As Predicted Europeans Unable to Meet Paris Climate Terms

I opposed American adoption of the Paris climate agreement from the moment it was introduced. The United States already led the way in energy innovation, using all the resources we possess to produce cleaner, cheaper energy. The Paris agreement imposed steep, unrealistic cuts to American emissions while letting big polluters like China continue to pump out greenhouse gases. Submitting to the agreement sacrificed our ability to act in the United States’ best interests with nothing to be gained in return.

So I applauded President Trump’s decision to withdraw from the agreement last June. Two recent newspaper stories provide more evidence of the pact’s flaws and that withdrawal was best for our country.

The Washington Post lamented the failure of many countries to meet the goals of the agreement (saw that one coming – the agreement was unrealistic from the beginning).

In the case of Germany, greenhouse gas emissions rose in 2015 and 2016, even as it pledged to cut them by 40 percent below their 1990 levels before 2020. The European Union as a whole, according to their own environmental agency, looks unlikely to hit their target of a 40 percent cut below 1990 levels by 2030 (again, this was foreseeable).

On the one hand, these countries cannot achieve goals that were not realistic in the first place.
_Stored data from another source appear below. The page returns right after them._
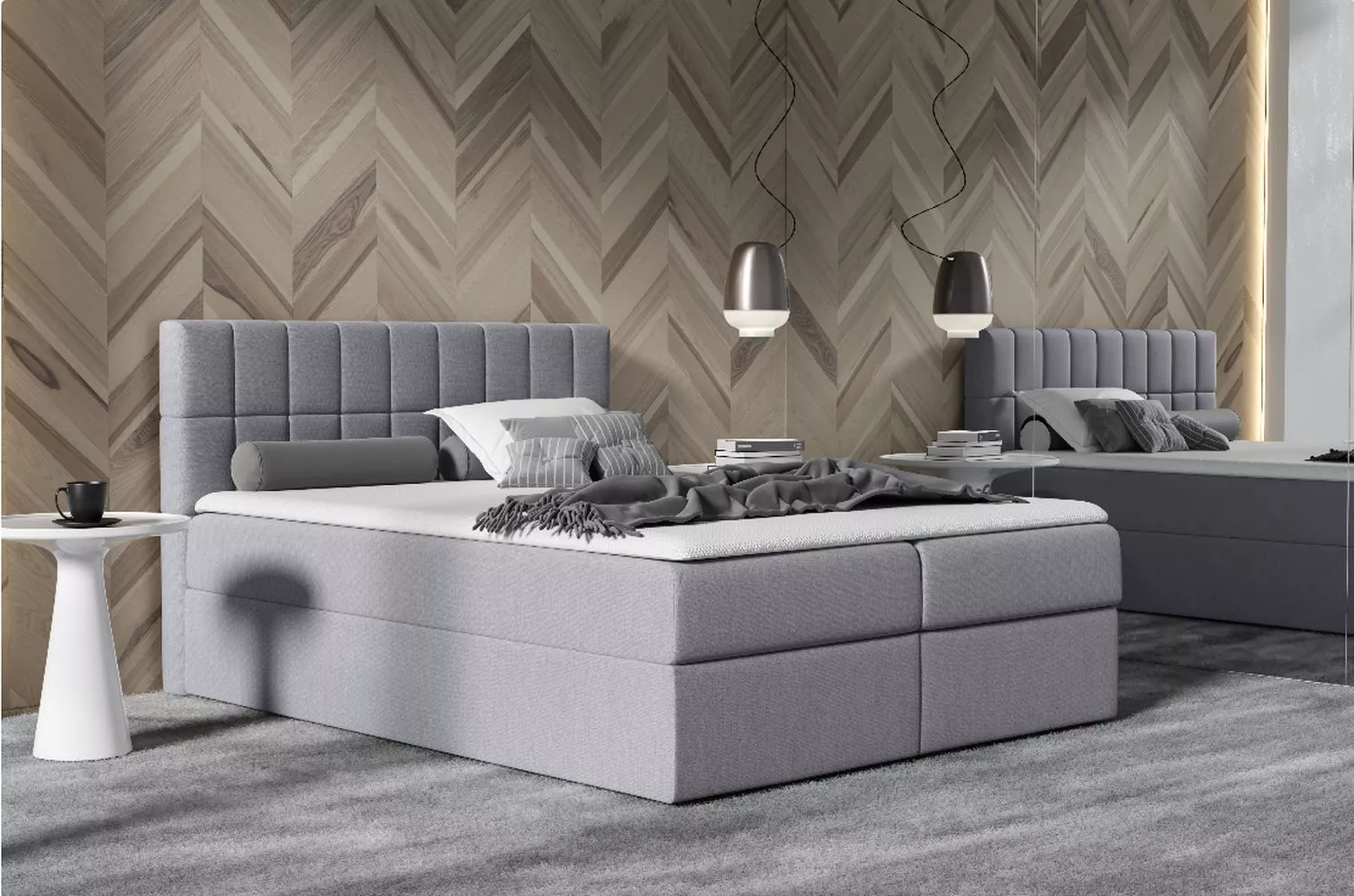Manželská čalouněná postel 180x200 KATE - šedá + topper ZDARMA
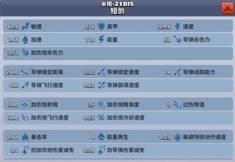 该架飞机属于C级攻击型飞机,在同级别飞机中,其电子干扰能力最强,加农炮杀伤力有一定的优势。5级解锁,在商店中推送购买,需花费32000金币。
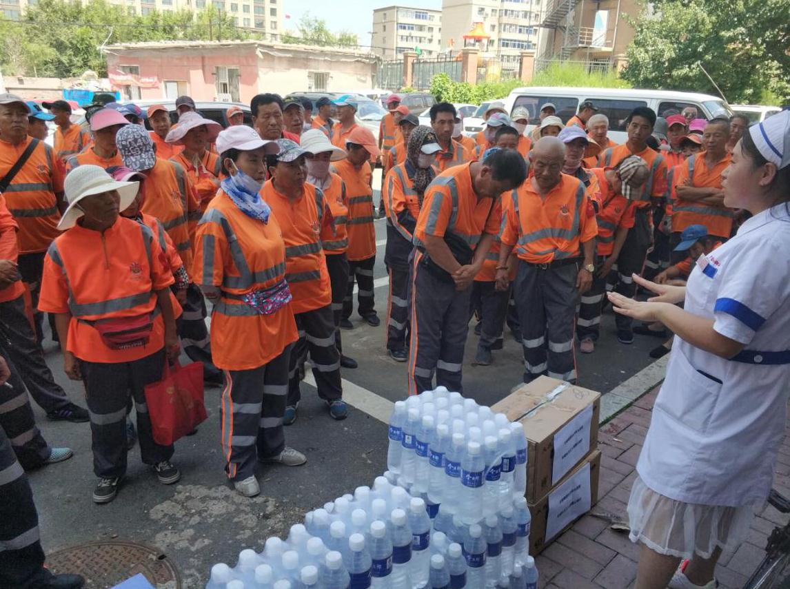 烈日下,日均工作超过8小时的高温劳动者,主要集中在环卫等行业。为此,吉公益爱心蓝马甲志愿者团队绿园区分队、南关一区分队、二道区分队分别向区域环卫工作者赠送藿香正气口服液和矿泉水,讲解中暑表现和预防知识,共同对抗中暑保护健康。
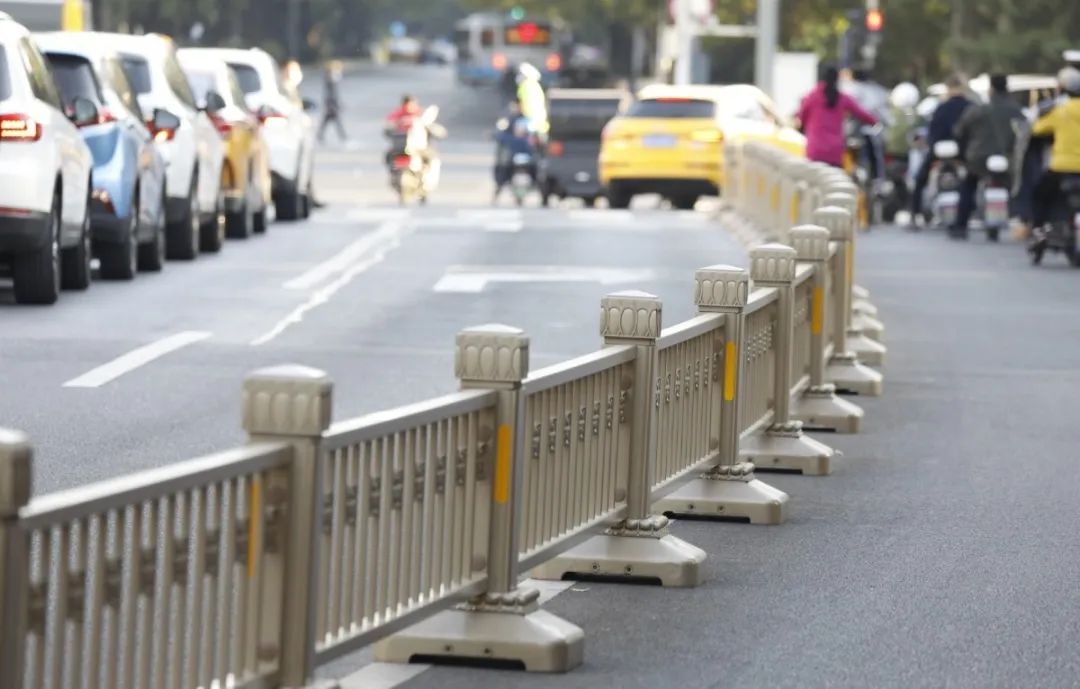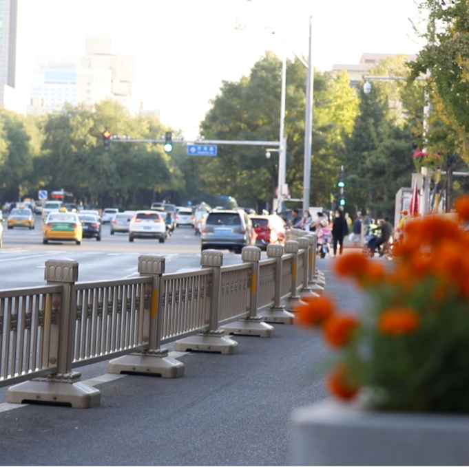此次优化提升的护栏,西起玉泉路东至新兴桥,涉及复兴路(玉泉路-新兴桥)及沿线交叉路口相关道路(西四环辅路、万寿路)。总长度为17132米,其中,中心护栏4252米、慢行道护栏2787米、便道护栏9077米、绿化护栏353米和移动护栏663米。
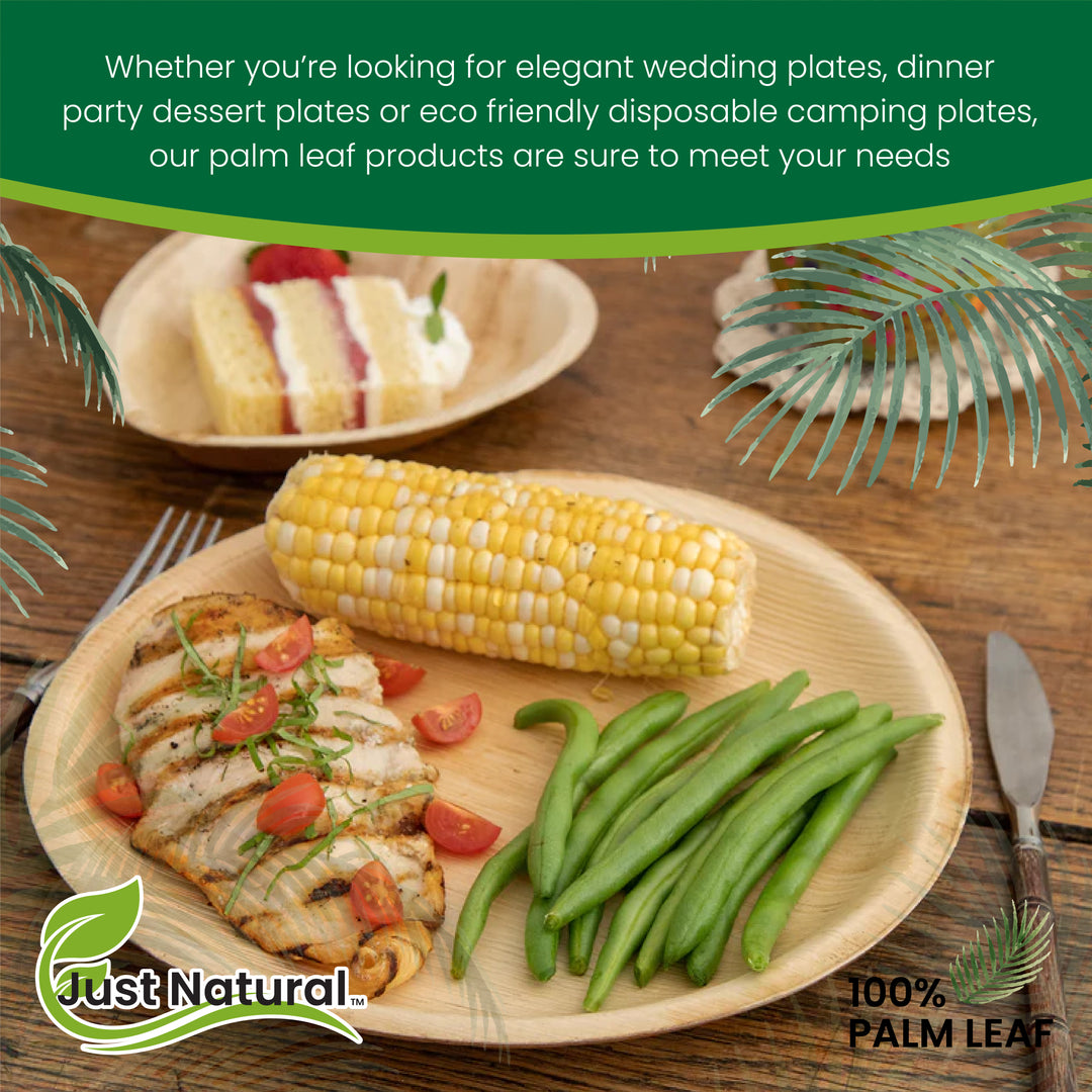 Just Natural Palm Leaf Plates Square - Natural Wood Style Dinnerware - Microwave-Safe - Dinner Party Plates for Wedding, Events - Sturdy Like Bamboo Plates-Eco Friendly
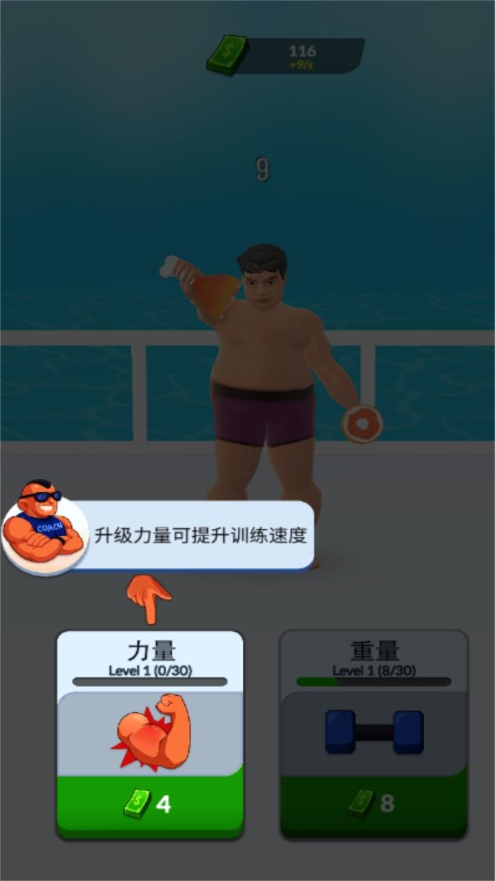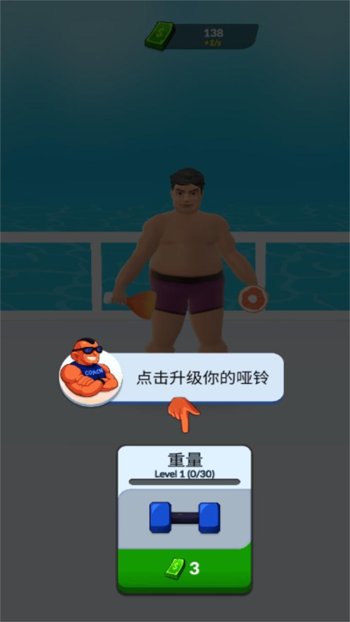 3、操作小胖来进行游戏,你要做的便是帮助他瘦身,使它从一个胖子变成一个型男。

On the other hand, the accord only requires China to start reducing its emissions by 2030, letting it increase them until then.

The terms of the Paris accord were more likely to suppress U.S. economic growth than limit world greenhouse gas emissions.

Is there a double standard in how some countries panned our exit from Paris while falling short in their own commitments to it? If there is, I won’t complain, because as a Washington Times story on February 21 noted:

“As France, Germany and Italy chastised President Trump for rejecting the Paris climate accord in June and mocked the U.S. for turning its back on the environment, their nations were busy importing record amounts of American coal.”

The numbers provided in the report are striking. In 2017 the United States exported 13 million more short tons of coal to Europe through September than it had in the year 2016.

Looking at individual countries over that time through September 2017 as compared to the previous year, France doubled its imports of American coal and Germany and Italy each increased their imports by nearly a million short tons.

These countries aren’t the only ones importing more of our coal. Asia has also proven to be a growing customer, and our total exports were up by 95 million short tons last year as compared to the previous year.

Paris or no Paris, I’m glad these countries have decided to buy more coal mined in the United States. I hope they recognize that our country has plenty to contribute without participating in the agreement. The “energy renaissance,” as Energy Secretary Rick Perry called it in a Subcommittee on Energy hearing last fall, can mean reliable power to benefit not just our own country but others as well.

Further, buying energy from us likely means buying less energy from unfriendly powers such as Russia. Strong American energy exports diminish the influence of antagonists to our own country and to the West.

Free from international bureaucrats and arbitrary regulations, the United States can power the world. Free to develop resources as we best see fit, Americans can strive for energy that is cheaper, more reliable, and yes, greener.

Greener, because the world is not going to stop using coal, whether it be American, Australian, or Indian coal. Hopefully, we can reach a bipartisan agreement to find ways to burn coal more cleanly instead of trying to destroy the American coal industry.